▶ [Exercise details]
Without changing a character, return the entries, but not the images they hold.

▶ [Records for the exercise]

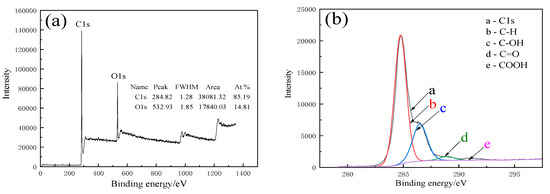 XPS spectra analysis of the braided carbon fiber rope after degumming treatment is shown in Figure 8a. It was found that the carbon fiber surface contained C and O elements at the binding energy of 284.82 eV and 532.93 eV, respectively. The oxygen content is about 14.81%, which is mainly due to oxidation during the degumming process. The pretreatment process not only increases the specific surface area of the carbon fiber surface but also increases its surface activity. The C1s peak was subjected to peak fitting processing (Figure 8b). It was found that the surface of the braided carbon fiber rope after degumming had many oxygen-containing functional groups. The relative content of various functional groups was measured by Advantage treatment by reference to the XPS manual, as shown in Table 3, the C-OH content is about 24.83%, the C=O content is about 1.71%, the COOH content is about 2.59%, and the oxygen-containing functional groups on the surface are obviously increased, which also makes the braided carbon fiber rope more hydrophilic and provides a good basis for subsequent copper plating tests.
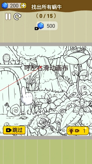 2、按指引左右滑动画布,查找场景里的蜗牛,目标【找出所有蜗牛-0/15】。
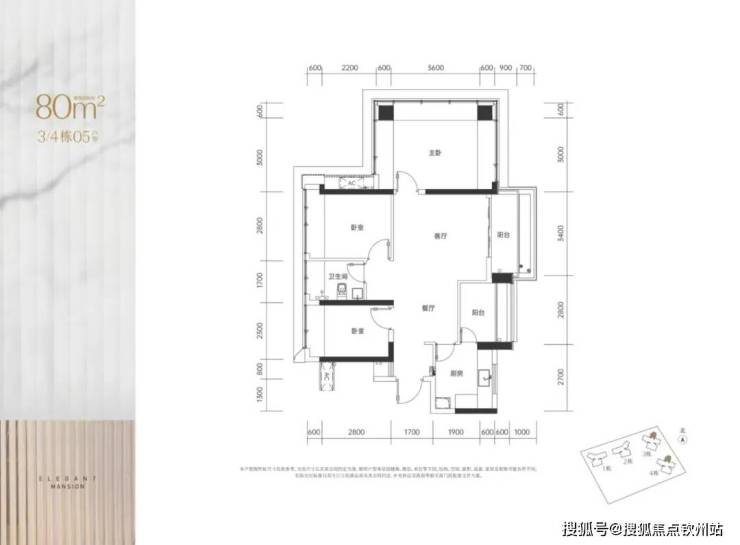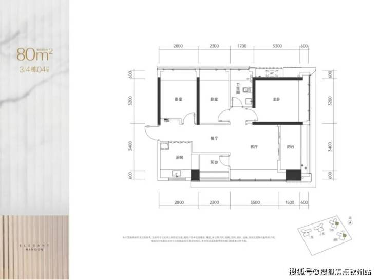 (2)80㎡竖厅户型:客厅4米开间,LDKB一体化设计,主卧15.8㎡,次卧9.07㎡,赠送面积后得房率约100%。
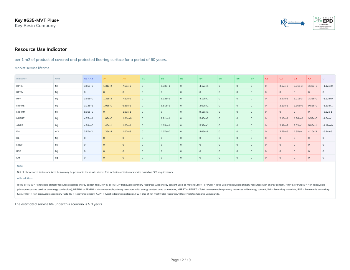 Resource Use Indicatorper 1 m2 of product of covered and protected flooring surface for a period of 60 years.Market service lifetimeIndicatorUnitA1 - A3A4A5B1B2B3B4B5B6B7C1C2C3C4DRPREMJ3.65e+01.31e-27.50e-205.33e+104.12e+100002.67e-38.01e-33.33e+0-1.12e+0RPRMMJ000000000000000RPRTMJ3.65e+01.31e-27.50e-205.33e+104.12e+100002.67e-38.01e-33.33e+0-1.12e+0NRPREMJ3.12e+11.03e+06.88e-108.81e+103.62e+200002.10e-11.36e+09.53e+0-1.53e+1NRPRMMJ8.16e+001.63e-10009.16e+10000000-5.62e-1NRPRTMJ4.75e+11.03e+01.01e+008.81e+105.45e+200002.10e-11.36e+09.53e+0-1.64e+1ADPFMJ4.59e+01.45e-11.00e-101.03e+105.32e+100002.96e-22.03e-15.86e-1-1.19e+0FWm33.57e-21.35e-41.02e-301.07e+004.05e-100002.75e-51.35e-44.10e-3-5.84e-3REMJ000000000000000NRSFMJ000000000000000RSFMJ000000000000000SMkg000000000000000Note:Not all abbreviated indicators listed below may be present in the results above. The inclusion of indicators varies based on PCR requirements.Abbreviations:RPRE or PERE = Renewable primary resources used as energy carrier (fuel), RPRM or PERM = Renewable primary resources with energy content used as material, RPRT or PERT = Total use of renewable primary resources with energy content, NRPRE or PENRE = Non-renewableprimary resources used as an energy carrier (fuel), NRPRM or PENRM = Non-renewable primary resources with energy content used as material, NRPRT or PENRT = Total non-renewable primary resources with energy content, SM = Secondary materials, RSF = Renewable secondaryfuels, NRSF = Non-renewable secondary fuels, RE = Recovered energy, ADPF = Abiotic depletion potential, FW = Use of net freshwater resources, VOCs = Volatile Organic Compounds.The estimated service life under this scenario is 5.0 years. Key #635-MVT Plus+Key Resin CompanyPage 12 / 19
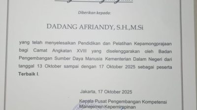 Jakarta – Prestasi membanggakan kembali ditorehkan oleh Kabupaten Penukal Abab Lematang Ilir (PALI). Salah satu putra terbaik daerah ini, Dadang Afriandy, S.H., M.Si, yang menjabat sebagai Camat Tanah Abang, berhasil meraih Predikat Terbaik I se-Indonesia pada Pendidikan dan Pelatihan Kepamongprajaan bagi Camat Angkatan XVIII Tahun 2025, yang diselenggarakan oleh Badan Pengembangan Sumber Daya Manusia (BPSDM) Kementerian Dalam Negeri Republik Indonesia.

▶ [Finished exercise]
 XPS spectra analysis of the braided carbon fiber rope after degumming treatment is shown in Figure 8a. It was found that the carbon fiber surface contained C and O elements at the binding energy of 284.82 eV and 532.93 eV, respectively. The oxygen content is about 14.81%, which is mainly due to oxidation during the degumming process. The pretreatment process not only increases the specific surface area of the carbon fiber surface but also increases its surface activity. The C1s peak was subjected to peak fitting processing (Figure 8b). It was found that the surface of the braided carbon fiber rope after degumming had many oxygen-containing functional groups. The relative content of various functional groups was measured by Advantage treatment by reference to the XPS manual, as shown in Table 3, the C-OH content is about 24.83%, the C=O content is about 1.71%, the COOH content is about 2.59%, and the oxygen-containing functional groups on the surface are obviously increased, which also makes the braided carbon fiber rope more hydrophilic and provides a good basis for subsequent copper plating tests.
 2、按指引左右滑动画布,查找场景里的蜗牛,目标【找出所有蜗牛-0/15】。
 (2)80㎡竖厅户型:客厅4米开间,LDKB一体化设计,主卧15.8㎡,次卧9.07㎡,赠送面积后得房率约100%。
 Resource Use Indicatorper 1 m2 of product of covered and protected flooring surface for a period of 60 years.Market service lifetimeIndicatorUnitA1 - A3A4A5B1B2B3B4B5B6B7C1C2C3C4DRPREMJ3.65e+01.31e-27.50e-205.33e+104.12e+100002.67e-38.01e-33.33e+0-1.12e+0RPRMMJ000000000000000RPRTMJ3.65e+01.31e-27.50e-205.33e+104.12e+100002.67e-38.01e-33.33e+0-1.12e+0NRPREMJ3.12e+11.03e+06.88e-108.81e+103.62e+200002.10e-11.36e+09.53e+0-1.53e+1NRPRMMJ8.16e+001.63e-10009.16e+10000000-5.62e-1NRPRTMJ4.75e+11.03e+01.01e+008.81e+105.45e+200002.10e-11.36e+09.53e+0-1.64e+1ADPFMJ4.59e+01.45e-11.00e-101.03e+105.32e+100002.96e-22.03e-15.86e-1-1.19e+0FWm33.57e-21.35e-41.02e-301.07e+004.05e-100002.75e-51.35e-44.10e-3-5.84e-3REMJ000000000000000NRSFMJ000000000000000RSFMJ000000000000000SMkg000000000000000Note:Not all abbreviated indicators listed below may be present in the results above. The inclusion of indicators varies based on PCR requirements.Abbreviations:RPRE or PERE = Renewable primary resources used as energy carrier (fuel), RPRM or PERM = Renewable primary resources with energy content used as material, RPRT or PERT = Total use of renewable primary resources with energy content, NRPRE or PENRE = Non-renewableprimary resources used as an energy carrier (fuel), NRPRM or PENRM = Non-renewable primary resources with energy content used as material, NRPRT or PENRT = Total non-renewable primary resources with energy content, SM = Secondary materials, RSF = Renewable secondaryfuels, NRSF = Non-renewable secondary fuels, RE = Recovered energy, ADPF = Abiotic depletion potential, FW = Use of net freshwater resources, VOCs = Volatile Organic Compounds.The estimated service life under this scenario is 5.0 years. Key #635-MVT Plus+Key Resin CompanyPage 12 / 19
 Jakarta – Prestasi membanggakan kembali ditorehkan oleh Kabupaten Penukal Abab Lematang Ilir (PALI). Salah satu putra terbaik daerah ini, Dadang Afriandy, S.H., M.Si, yang menjabat sebagai Camat Tanah Abang, berhasil meraih Predikat Terbaik I se-Indonesia pada Pendidikan dan Pelatihan Kepamongprajaan bagi Camat Angkatan XVIII Tahun 2025, yang diselenggarakan oleh Badan Pengembangan Sumber Daya Manusia (BPSDM) Kementerian Dalam Negeri Republik Indonesia.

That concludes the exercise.